▶ **PROMPT**
Your answer must be the lines from the one containing "이번 여행을 앞둔 언니에게" through the last line below, copied exactly, with no pictures.

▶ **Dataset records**
---*---

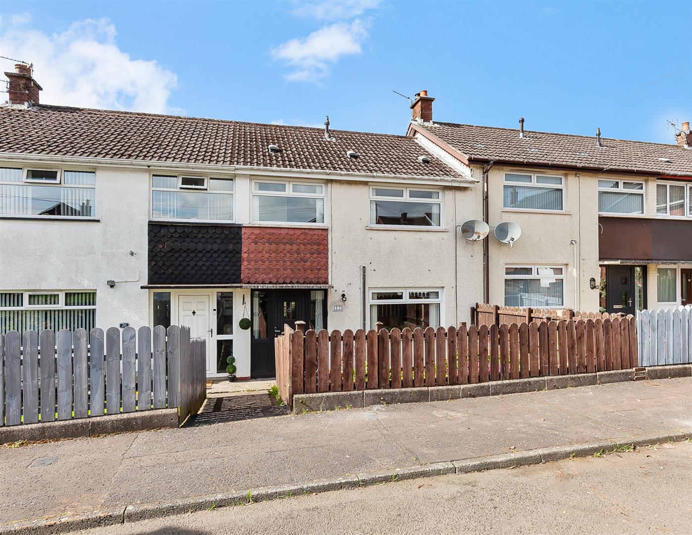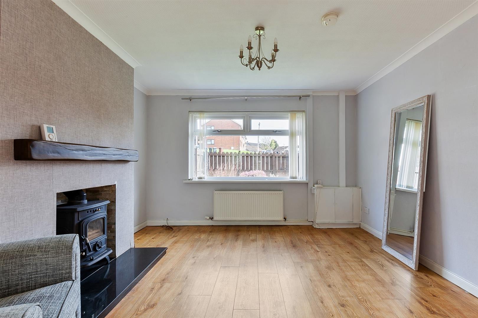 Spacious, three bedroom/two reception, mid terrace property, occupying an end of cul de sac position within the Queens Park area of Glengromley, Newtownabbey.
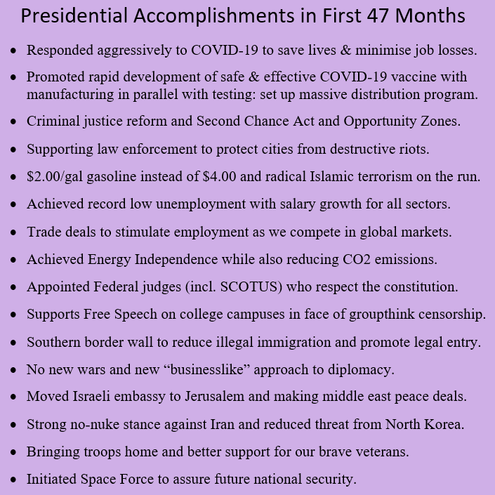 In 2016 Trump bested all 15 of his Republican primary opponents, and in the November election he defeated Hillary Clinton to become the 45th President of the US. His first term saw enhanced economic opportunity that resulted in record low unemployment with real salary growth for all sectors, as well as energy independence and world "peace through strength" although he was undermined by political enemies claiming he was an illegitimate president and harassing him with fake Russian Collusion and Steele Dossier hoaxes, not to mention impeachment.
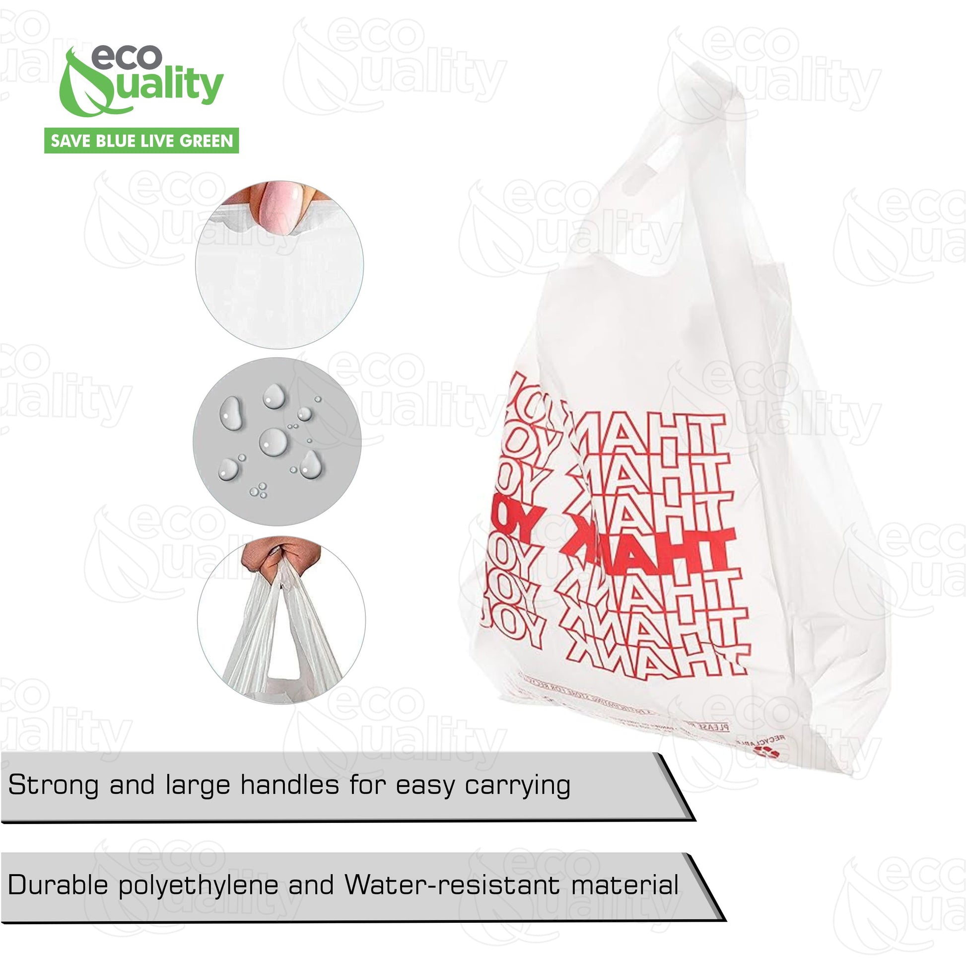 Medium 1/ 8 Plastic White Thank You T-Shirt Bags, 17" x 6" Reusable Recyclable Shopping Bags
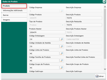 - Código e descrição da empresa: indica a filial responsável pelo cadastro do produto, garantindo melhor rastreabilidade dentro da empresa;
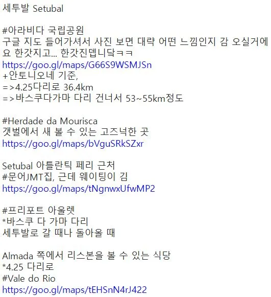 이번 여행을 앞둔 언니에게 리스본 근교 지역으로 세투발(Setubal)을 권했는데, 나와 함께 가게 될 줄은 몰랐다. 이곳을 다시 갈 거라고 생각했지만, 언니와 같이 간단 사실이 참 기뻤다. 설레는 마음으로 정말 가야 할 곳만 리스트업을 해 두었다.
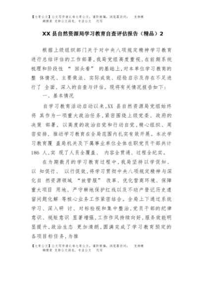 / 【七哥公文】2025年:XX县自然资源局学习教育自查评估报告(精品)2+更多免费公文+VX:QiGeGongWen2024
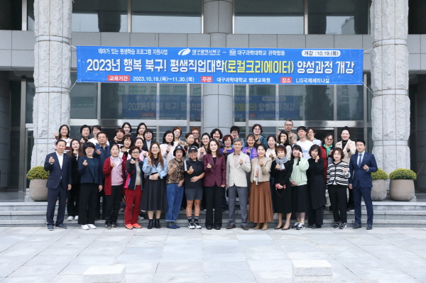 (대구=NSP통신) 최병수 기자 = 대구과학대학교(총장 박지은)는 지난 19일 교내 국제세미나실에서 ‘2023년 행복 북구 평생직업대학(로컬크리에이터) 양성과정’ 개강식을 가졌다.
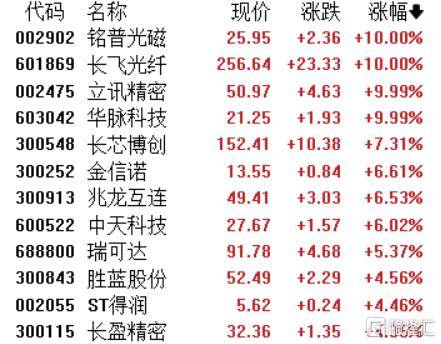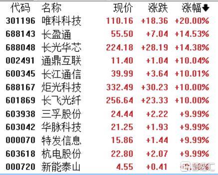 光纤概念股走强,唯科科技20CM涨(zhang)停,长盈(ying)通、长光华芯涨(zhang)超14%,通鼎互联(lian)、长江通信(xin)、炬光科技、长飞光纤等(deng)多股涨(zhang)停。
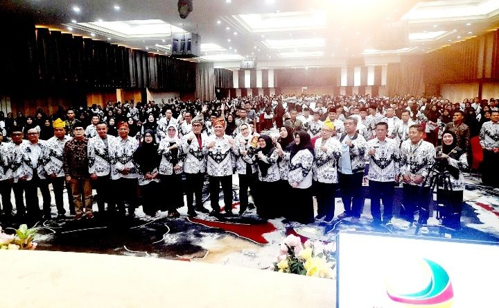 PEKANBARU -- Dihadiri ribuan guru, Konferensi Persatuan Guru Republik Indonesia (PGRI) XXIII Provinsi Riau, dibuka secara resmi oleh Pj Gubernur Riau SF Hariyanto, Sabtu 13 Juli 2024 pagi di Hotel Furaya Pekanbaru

---*---

▶ **RESPONSE**
 이번 여행을 앞둔 언니에게 리스본 근교 지역으로 세투발(Setubal)을 권했는데, 나와 함께 가게 될 줄은 몰랐다. 이곳을 다시 갈 거라고 생각했지만, 언니와 같이 간단 사실이 참 기뻤다. 설레는 마음으로 정말 가야 할 곳만 리스트업을 해 두었다.
 / 【七哥公文】2025年:XX县自然资源局学习教育自查评估报告(精品)2+更多免费公文+VX:QiGeGongWen2024
 (대구=NSP통신) 최병수 기자 = 대구과학대학교(총장 박지은)는 지난 19일 교내 국제세미나실에서 ‘2023년 행복 북구 평생직업대학(로컬크리에이터) 양성과정’ 개강식을 가졌다.
 光纤概念股走强,唯科科技20CM涨(zhang)停,长盈(ying)通、长光华芯涨(zhang)超14%,通鼎互联(lian)、长江通信(xin)、炬光科技、长飞光纤等(deng)多股涨(zhang)停。
 PEKANBARU -- Dihadiri ribuan guru, Konferensi Persatuan Guru Republik Indonesia (PGRI) XXIII Provinsi Riau, dibuka secara resmi oleh Pj Gubernur Riau SF Hariyanto, Sabtu 13 Juli 2024 pagi di Hotel Furaya Pekanbaru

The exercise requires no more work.